=== Working data ===
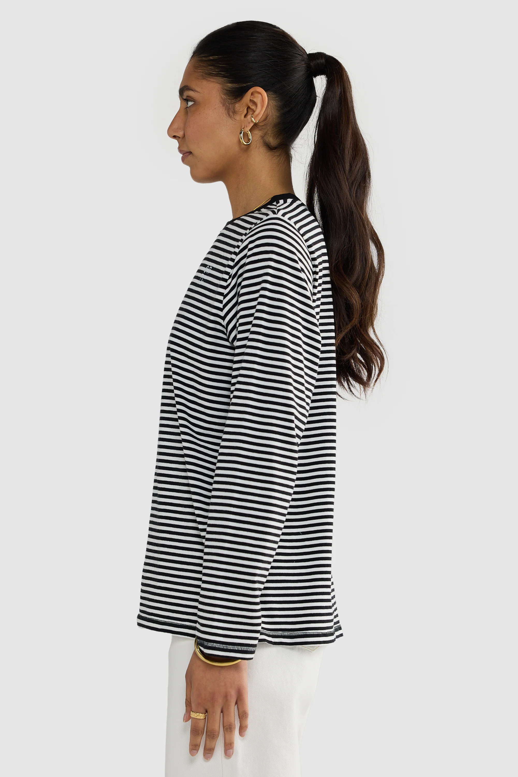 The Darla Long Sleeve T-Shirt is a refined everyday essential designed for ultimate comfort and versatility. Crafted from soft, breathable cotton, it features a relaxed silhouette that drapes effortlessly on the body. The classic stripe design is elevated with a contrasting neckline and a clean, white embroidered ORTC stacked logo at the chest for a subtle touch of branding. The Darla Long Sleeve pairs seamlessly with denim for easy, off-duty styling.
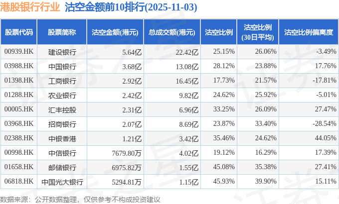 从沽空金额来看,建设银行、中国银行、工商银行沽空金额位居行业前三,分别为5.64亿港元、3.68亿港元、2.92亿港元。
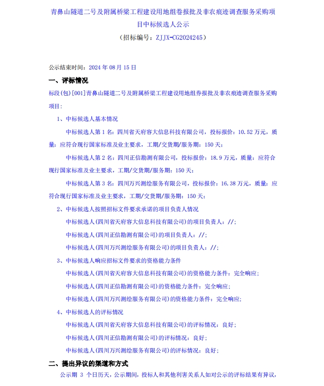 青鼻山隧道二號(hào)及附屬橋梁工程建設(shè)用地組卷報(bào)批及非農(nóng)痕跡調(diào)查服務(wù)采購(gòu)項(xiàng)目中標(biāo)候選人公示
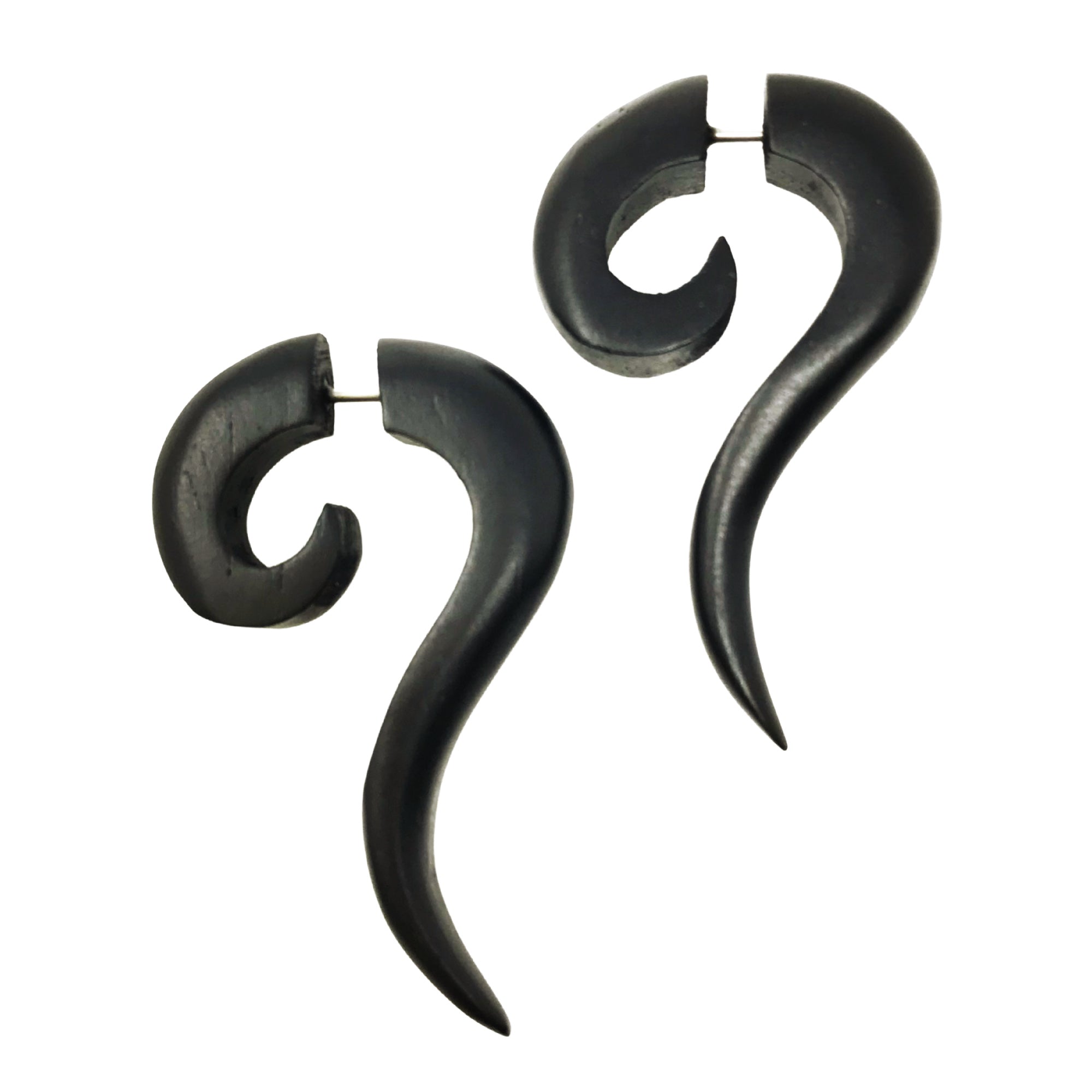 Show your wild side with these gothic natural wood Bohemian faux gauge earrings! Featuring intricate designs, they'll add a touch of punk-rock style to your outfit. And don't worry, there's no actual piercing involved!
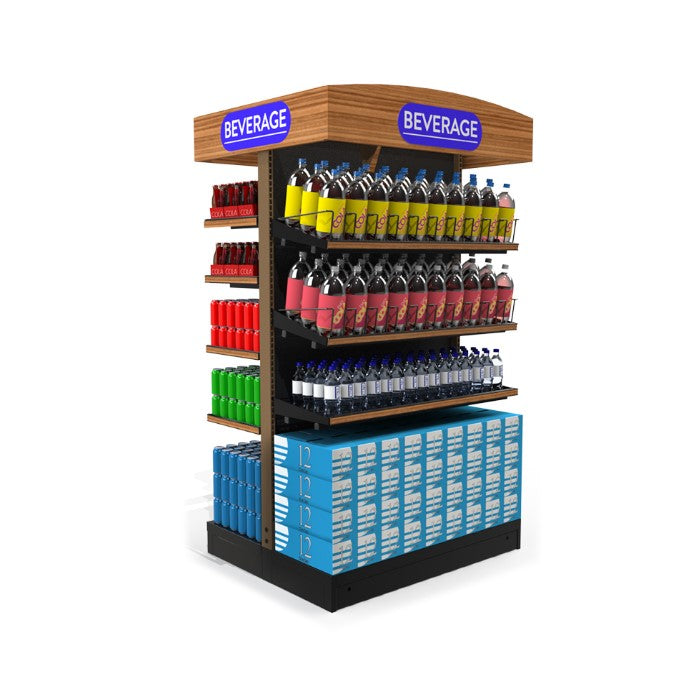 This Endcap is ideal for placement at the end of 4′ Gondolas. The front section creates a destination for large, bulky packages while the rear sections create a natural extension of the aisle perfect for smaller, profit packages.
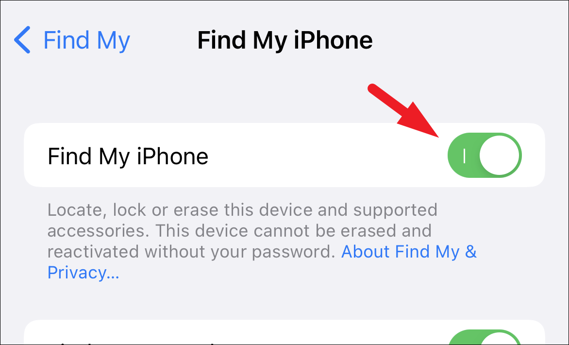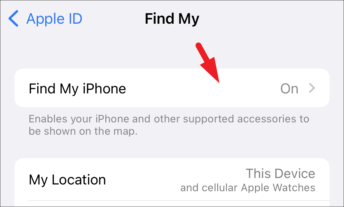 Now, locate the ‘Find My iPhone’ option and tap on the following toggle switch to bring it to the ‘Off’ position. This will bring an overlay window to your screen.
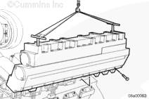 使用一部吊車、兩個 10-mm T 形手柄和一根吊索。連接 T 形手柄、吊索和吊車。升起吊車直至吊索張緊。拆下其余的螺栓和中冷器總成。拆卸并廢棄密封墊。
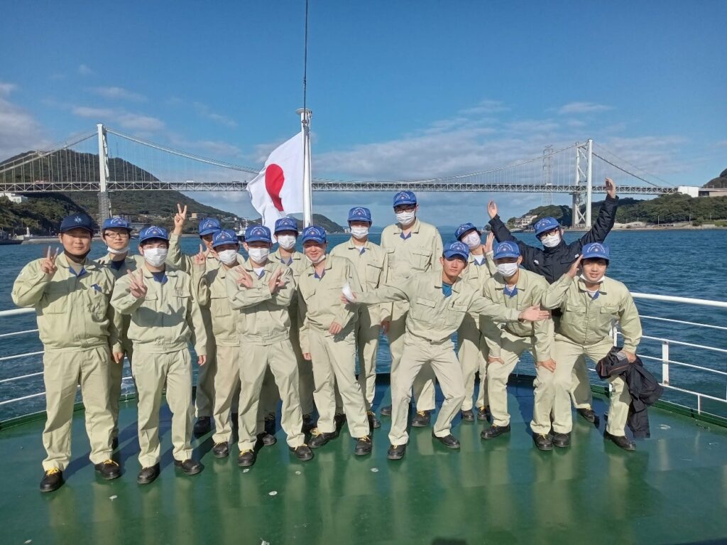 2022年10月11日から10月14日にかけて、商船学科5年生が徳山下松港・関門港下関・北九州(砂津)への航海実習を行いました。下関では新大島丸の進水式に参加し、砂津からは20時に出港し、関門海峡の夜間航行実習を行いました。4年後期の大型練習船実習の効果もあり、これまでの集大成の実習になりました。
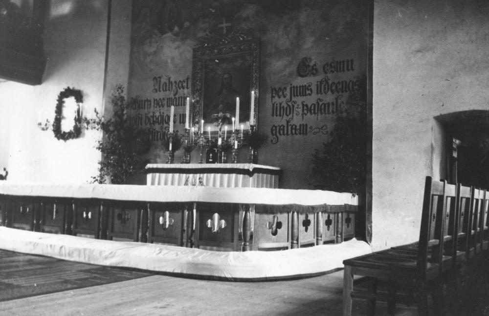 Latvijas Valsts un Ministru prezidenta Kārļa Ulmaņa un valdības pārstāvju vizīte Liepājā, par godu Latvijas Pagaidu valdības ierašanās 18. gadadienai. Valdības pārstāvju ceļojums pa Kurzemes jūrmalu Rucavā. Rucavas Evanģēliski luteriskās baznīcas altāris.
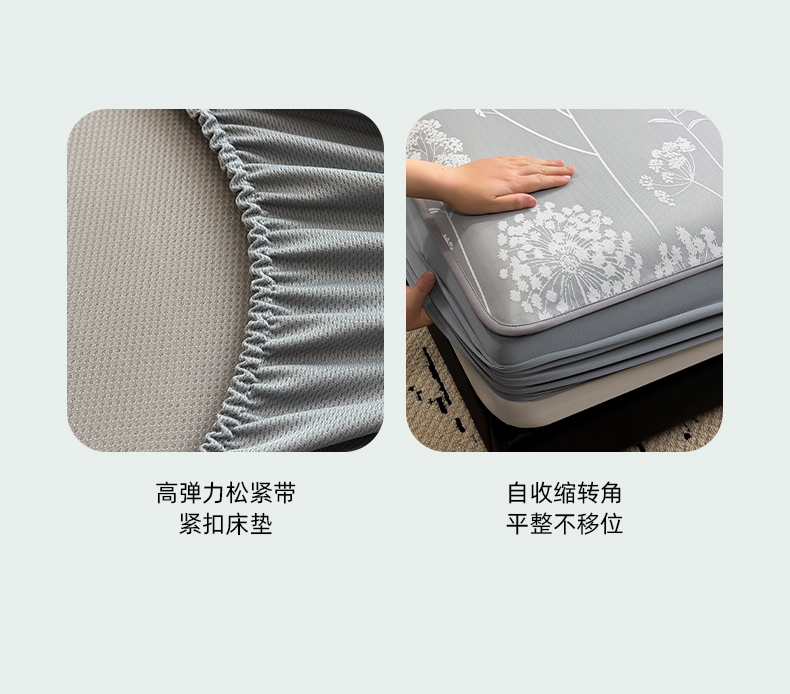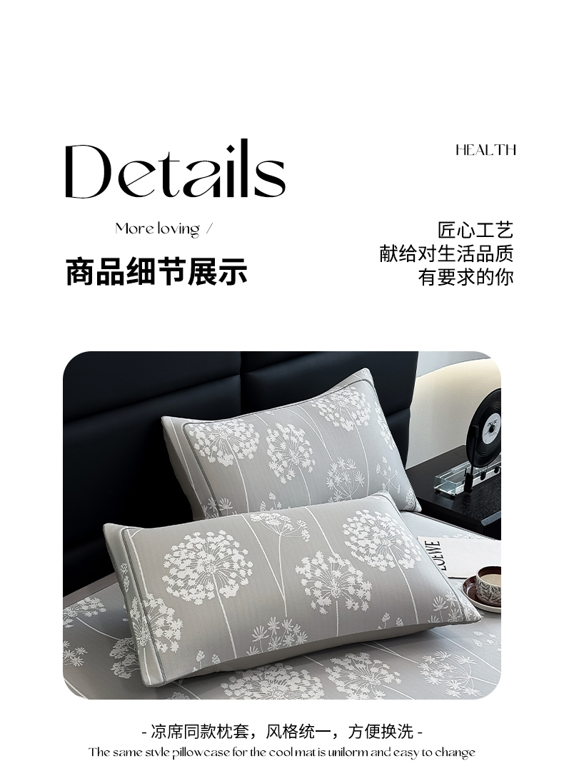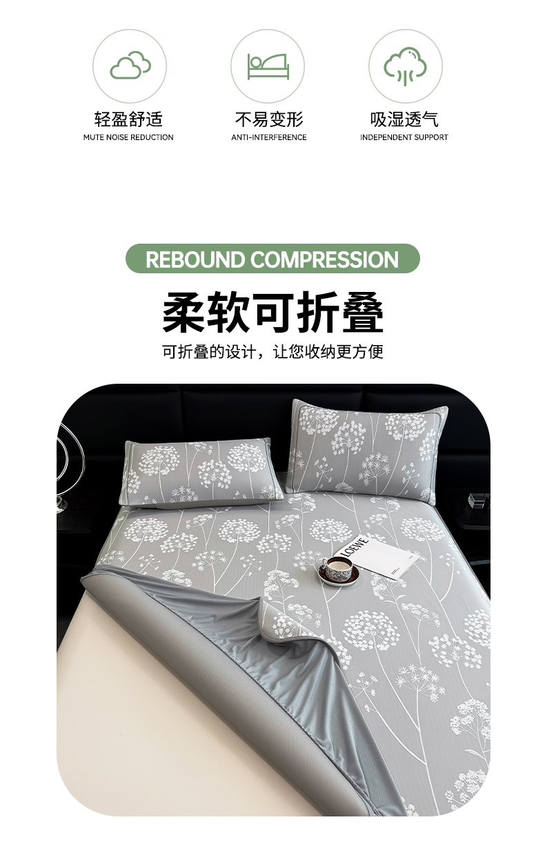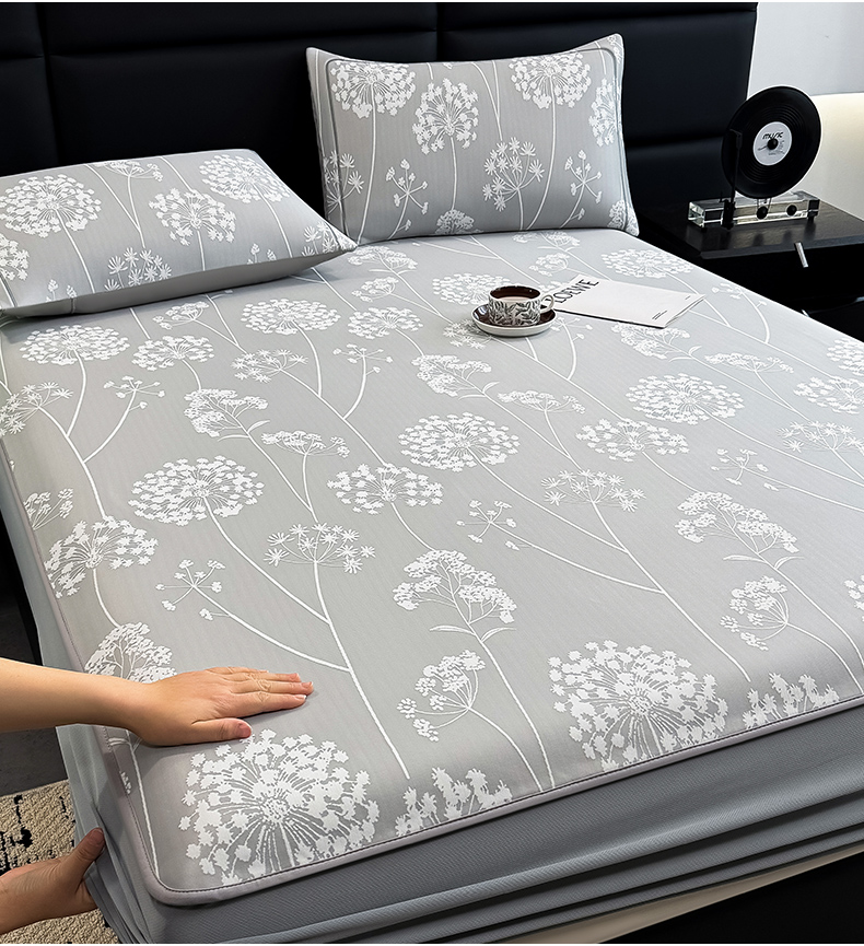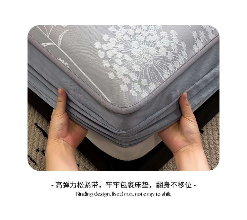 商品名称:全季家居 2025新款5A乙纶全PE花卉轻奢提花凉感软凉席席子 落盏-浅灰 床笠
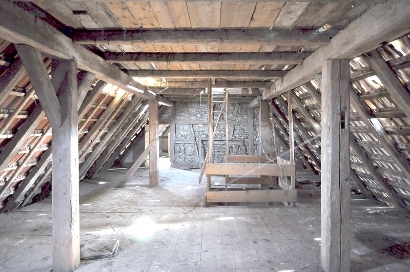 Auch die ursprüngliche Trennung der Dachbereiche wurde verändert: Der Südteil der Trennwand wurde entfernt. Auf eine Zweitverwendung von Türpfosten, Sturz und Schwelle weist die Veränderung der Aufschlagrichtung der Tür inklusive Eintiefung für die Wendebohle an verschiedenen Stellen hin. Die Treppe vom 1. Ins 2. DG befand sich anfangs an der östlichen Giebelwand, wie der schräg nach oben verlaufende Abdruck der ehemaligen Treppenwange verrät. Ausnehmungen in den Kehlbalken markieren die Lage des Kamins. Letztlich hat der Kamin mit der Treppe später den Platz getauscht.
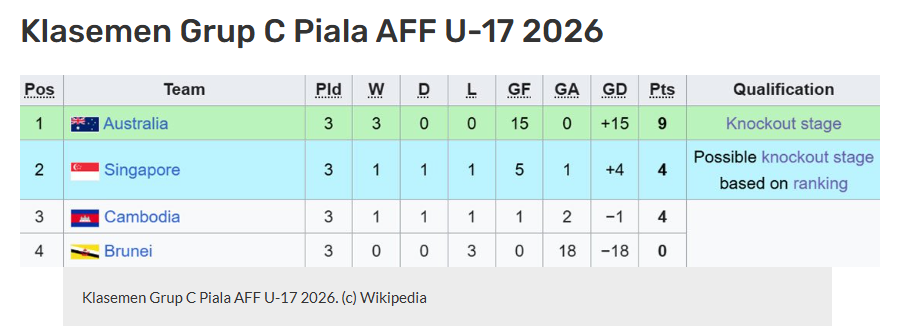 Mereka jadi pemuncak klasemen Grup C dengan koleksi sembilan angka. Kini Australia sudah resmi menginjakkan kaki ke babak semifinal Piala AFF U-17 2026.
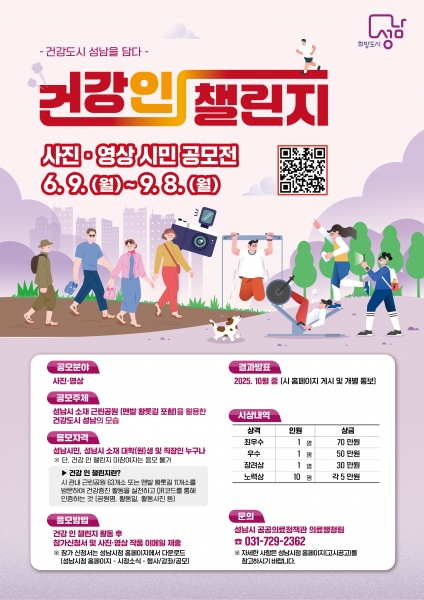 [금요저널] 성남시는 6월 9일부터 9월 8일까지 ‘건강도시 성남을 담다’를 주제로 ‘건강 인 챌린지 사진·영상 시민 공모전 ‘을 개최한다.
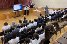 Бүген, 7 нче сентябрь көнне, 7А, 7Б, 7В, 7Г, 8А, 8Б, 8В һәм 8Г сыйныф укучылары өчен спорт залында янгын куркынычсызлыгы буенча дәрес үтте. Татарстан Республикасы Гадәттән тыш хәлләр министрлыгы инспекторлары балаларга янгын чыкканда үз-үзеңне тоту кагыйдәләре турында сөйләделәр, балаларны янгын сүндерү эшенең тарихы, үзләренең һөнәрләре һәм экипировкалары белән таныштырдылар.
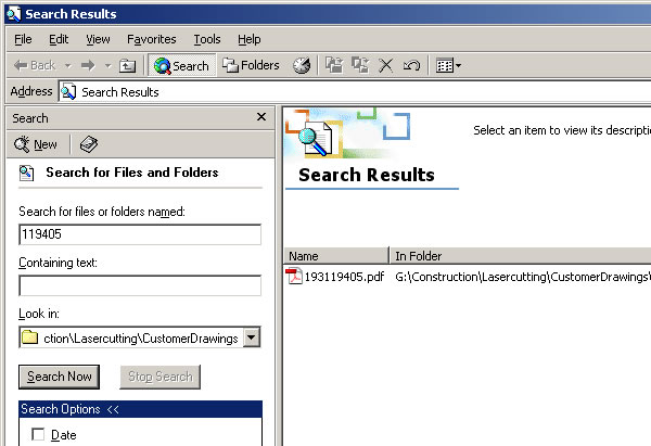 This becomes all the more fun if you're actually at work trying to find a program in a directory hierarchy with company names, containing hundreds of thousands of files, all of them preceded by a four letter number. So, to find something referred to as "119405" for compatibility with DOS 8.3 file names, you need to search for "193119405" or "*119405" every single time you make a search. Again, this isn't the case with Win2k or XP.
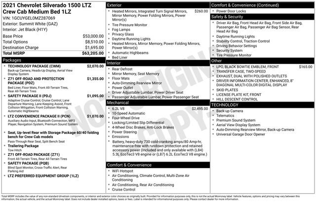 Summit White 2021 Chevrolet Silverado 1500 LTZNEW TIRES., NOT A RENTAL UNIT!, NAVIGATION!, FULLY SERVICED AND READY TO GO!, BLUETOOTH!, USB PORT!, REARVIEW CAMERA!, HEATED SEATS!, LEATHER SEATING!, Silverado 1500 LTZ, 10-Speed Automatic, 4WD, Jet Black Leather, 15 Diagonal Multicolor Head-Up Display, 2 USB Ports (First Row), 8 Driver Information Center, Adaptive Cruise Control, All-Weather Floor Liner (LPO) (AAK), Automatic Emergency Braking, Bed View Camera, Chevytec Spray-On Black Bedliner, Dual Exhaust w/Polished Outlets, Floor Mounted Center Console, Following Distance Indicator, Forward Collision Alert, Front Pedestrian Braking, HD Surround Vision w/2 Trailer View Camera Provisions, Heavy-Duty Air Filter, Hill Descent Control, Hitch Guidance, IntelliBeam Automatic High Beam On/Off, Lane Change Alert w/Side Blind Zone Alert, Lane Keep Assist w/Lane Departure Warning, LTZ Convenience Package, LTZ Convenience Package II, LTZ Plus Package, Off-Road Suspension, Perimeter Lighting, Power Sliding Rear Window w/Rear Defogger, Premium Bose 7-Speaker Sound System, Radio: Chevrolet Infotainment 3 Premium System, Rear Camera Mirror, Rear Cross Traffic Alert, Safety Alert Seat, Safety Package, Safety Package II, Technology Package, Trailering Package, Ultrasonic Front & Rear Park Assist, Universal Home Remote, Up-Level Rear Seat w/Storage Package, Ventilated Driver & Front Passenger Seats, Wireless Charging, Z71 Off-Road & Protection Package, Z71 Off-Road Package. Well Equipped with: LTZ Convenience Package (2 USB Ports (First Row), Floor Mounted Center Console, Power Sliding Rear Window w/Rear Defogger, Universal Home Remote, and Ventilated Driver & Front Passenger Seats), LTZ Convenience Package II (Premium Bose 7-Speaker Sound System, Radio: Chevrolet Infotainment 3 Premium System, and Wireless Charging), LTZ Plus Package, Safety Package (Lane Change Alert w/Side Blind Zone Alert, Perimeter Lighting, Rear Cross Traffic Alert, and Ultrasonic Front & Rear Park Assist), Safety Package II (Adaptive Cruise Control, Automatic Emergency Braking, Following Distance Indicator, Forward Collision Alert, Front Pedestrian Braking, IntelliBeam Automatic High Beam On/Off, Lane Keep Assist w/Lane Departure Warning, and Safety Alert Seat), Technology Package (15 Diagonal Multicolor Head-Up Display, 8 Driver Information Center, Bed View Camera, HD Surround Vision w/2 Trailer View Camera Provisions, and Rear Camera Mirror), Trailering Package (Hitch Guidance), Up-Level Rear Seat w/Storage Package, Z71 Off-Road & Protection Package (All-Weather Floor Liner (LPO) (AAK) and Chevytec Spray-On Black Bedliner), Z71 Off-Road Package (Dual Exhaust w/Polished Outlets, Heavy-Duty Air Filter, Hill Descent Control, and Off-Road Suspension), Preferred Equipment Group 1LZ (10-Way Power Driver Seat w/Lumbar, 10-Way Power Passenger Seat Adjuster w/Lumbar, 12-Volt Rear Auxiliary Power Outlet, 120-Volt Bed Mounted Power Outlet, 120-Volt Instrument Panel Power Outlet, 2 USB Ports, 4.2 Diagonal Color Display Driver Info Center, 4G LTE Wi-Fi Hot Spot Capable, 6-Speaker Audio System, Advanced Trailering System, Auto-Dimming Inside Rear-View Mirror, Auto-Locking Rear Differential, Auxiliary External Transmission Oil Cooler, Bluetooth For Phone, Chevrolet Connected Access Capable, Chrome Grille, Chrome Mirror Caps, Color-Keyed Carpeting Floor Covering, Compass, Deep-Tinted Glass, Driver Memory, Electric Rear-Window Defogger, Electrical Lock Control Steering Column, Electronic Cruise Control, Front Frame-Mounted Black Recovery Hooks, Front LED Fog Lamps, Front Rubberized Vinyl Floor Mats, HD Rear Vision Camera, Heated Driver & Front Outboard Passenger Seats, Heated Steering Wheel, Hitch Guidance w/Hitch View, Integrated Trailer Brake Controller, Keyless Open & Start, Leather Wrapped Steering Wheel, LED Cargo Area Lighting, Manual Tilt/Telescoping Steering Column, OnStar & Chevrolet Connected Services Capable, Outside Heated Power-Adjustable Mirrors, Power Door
===
• _Your task_
Set down again, word for word, every line from the one with "Бүген, 7 нче" to the one with "This becomes all" in the entries above, and omit the pictures.

• _Answer space_
 Бүген, 7 нче сентябрь көнне, 7А, 7Б, 7В, 7Г, 8А, 8Б, 8В һәм 8Г сыйныф укучылары өчен спорт залында янгын куркынычсызлыгы буенча дәрес үтте. Татарстан Республикасы Гадәттән тыш хәлләр министрлыгы инспекторлары балаларга янгын чыкканда үз-үзеңне тоту кагыйдәләре турында сөйләделәр, балаларны янгын сүндерү эшенең тарихы, үзләренең һөнәрләре һәм экипировкалары белән таныштырдылар.
 This becomes all the more fun if you're actually at work trying to find a program in a directory hierarchy with company names, containing hundreds of thousands of files, all of them preceded by a four letter number. So, to find something referred to as "119405" for compatibility with DOS 8.3 file names, you need to search for "193119405" or "*119405" every single time you make a search. Again, this isn't the case with Win2k or XP.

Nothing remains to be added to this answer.